The real revolution in the context is that it /could/ be done practically - overcoming the hurdles. But for what the interest in the matter is concerned, I'd say there almost cannot be a greater interest at this stage: making NNs efficient. This must be absolutely evident, as evident it is that the separation of memory and processor is against the idea of NNs, as evident as it is that multiplication is achievable just physically.
Of course many have seen that and got on studying it. As soon as it will be optimally practical...
It has only been four months since they unveiled their first prototype. I don't understand your confusion. Chip development does not happen overnight...?
Their initial blog post laid out a roadmap, so theoretically they should have another thing to demonstrate this summer.

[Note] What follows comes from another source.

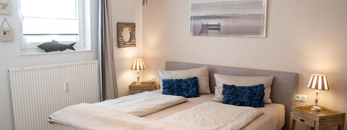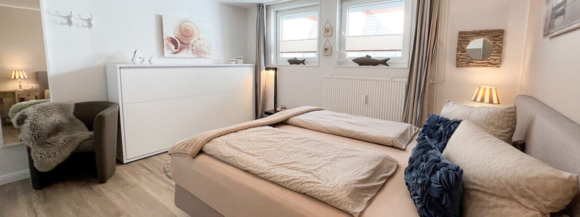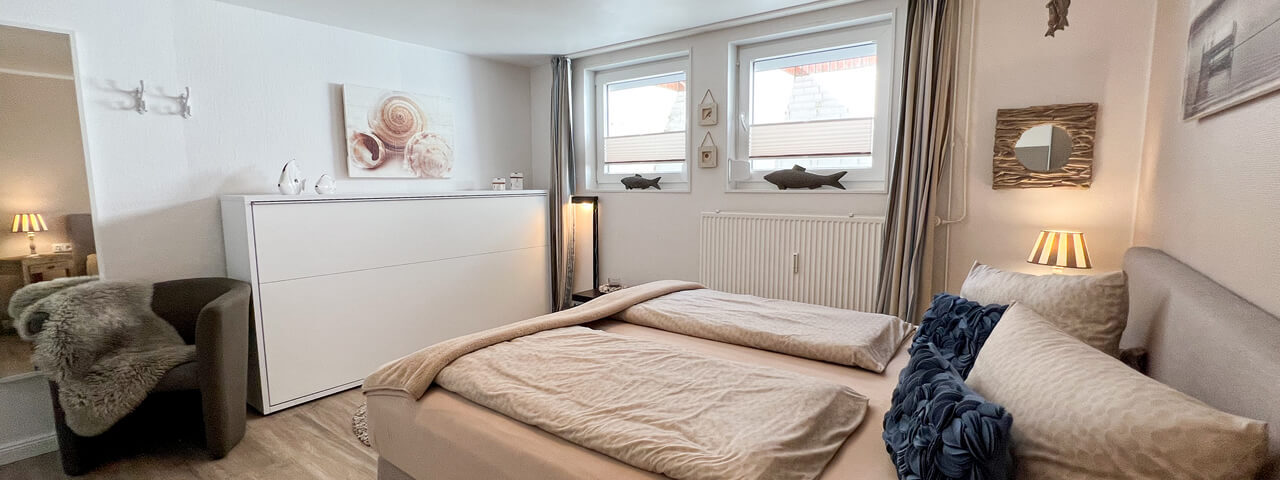 Das Schlafzimmer ist ausgestattet mit einem Boxspringbett 1,80m x 2,00m, einem hochwertigen Querschläfer 0,90m x 2,00m und einer Sitzgelegenheit.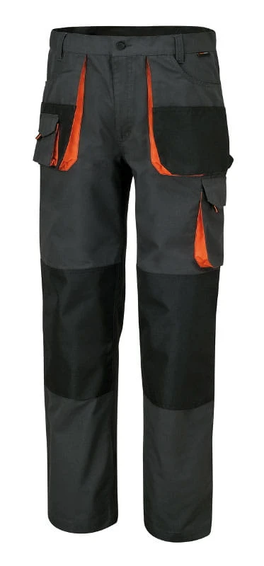 ? Wstawki wzmacniające i kieszenie na nakolanniki wykonane z poliestru typu ?Oksford?/poliuretanu 220g/m2 ? Rozporek zapinany na metalowy zamek ? Dwie przednie kieszenie o regulowanej wielkości, kieszeń z przedziałkami na małe narzędzia i kieszeń na telefon komórkowy z zapięciem na rzep ? Lewa kieszeń o regulowanej wielkości z zapięciem na rzep ? Tylne kieszenie o regulowanej wielkości ze wstawkami wzmacniającymi ?Oksford? i patkami zapinanymi na rzepy ? Uchwyt na młotek i kieszeń na przymiar ? Kieszenie na nakolanniki.

The person I replied to was acting as if Taalas was ancient history. I was pointing out it has only been a few months.
Universities are studying, startups are proposing - the «approach» is under the big headlines level but quite lively. Not just Taalas, not just their way - which remains remarkable in the scene as the HW is achieved, working, online, available... and amazing.

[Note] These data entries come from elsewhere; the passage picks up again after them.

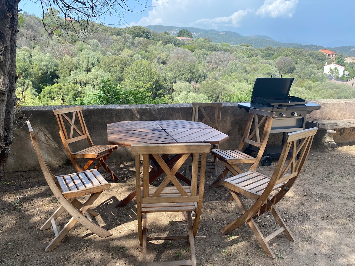 Šis Korsikos stiliaus namas yra Valinco įlankos aukštumose, Figaniella kaimelyje. Jame yra visa reikalinga įranga, kad jūsų viešnagė būtų nepamirštama. Čia yra visi elementai, kad galėtumėte visapusiškai mėgautis kalnu, bet taip pat ir jūra, kuri yra už 15 minučių kelio automobiliu. Terasa su nuostabiu vaizdu suteiks jums visiško kraštovaizdžio pasikeitimo jausmą.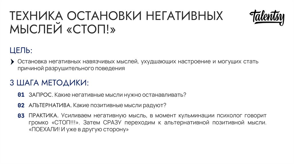 ТЕХНИКА ОСТАНОВКИНЕГАТИВНЫХ МЫСЛЕЙ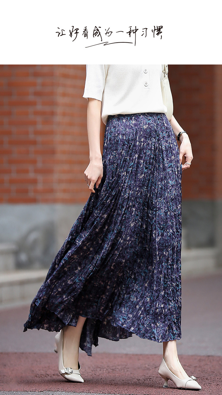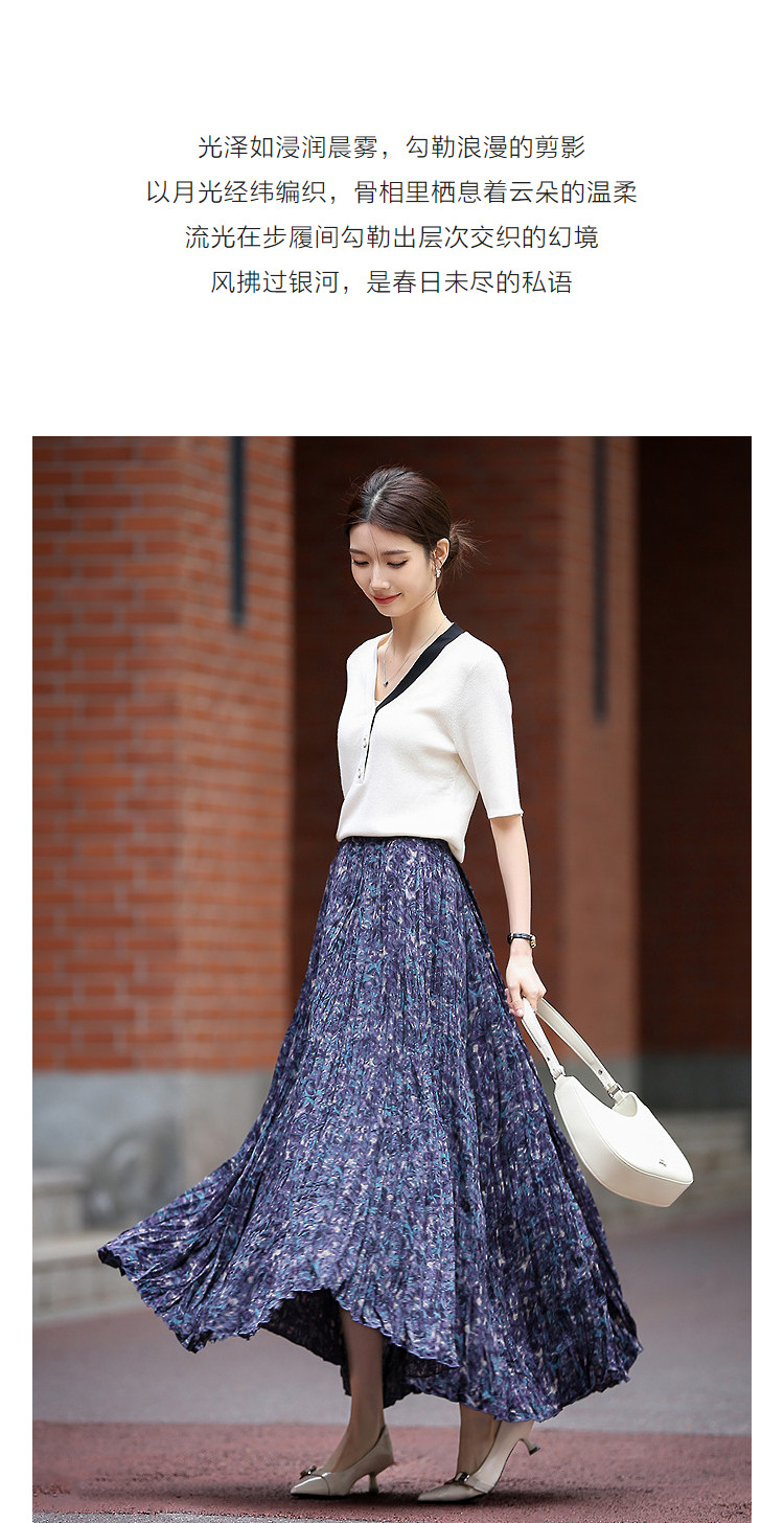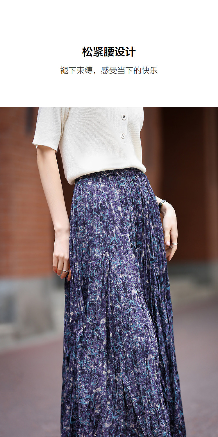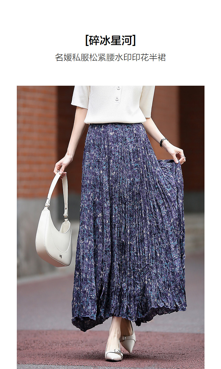 【碎冰星河】2026春名媛私服松紧腰水印印花压褶A字女式百褶半身裙

If that were the extent of the terms, then what could we call "baking the weights into silicon"? Setting parts of the circuits to determined values for multiplication is is like printing a Read-Only Memory. (And you compute at it: Compute In Memory.)
> CIM where you still need general purpose ALUs all over the place
If that were so, then why do taxonomists present analogue computing as part of CIM? Ohm's Law does not constitute an "ALU" the way you intend it.
Simply, I used CIM, "Compute In Memory", for lack of a better term - for "store data there where you modify data", for "beyond Von Neumann's separation of data storage and processor".
And I do not get your rant about "analog computing", which has everything to do with NNs (otherwise, well, prove it): they started with that - they are basically that in fact. Analogue computing is a very great temptation since it would solve the issues of inefficiency in digital NNs. Unfortunately, it has drawbacks which are massive for big NNs. Taalas' seems to be the best compromise.
I guess that makes sense. Is this feasible, or does the added latency between chips kill any of the performance gains?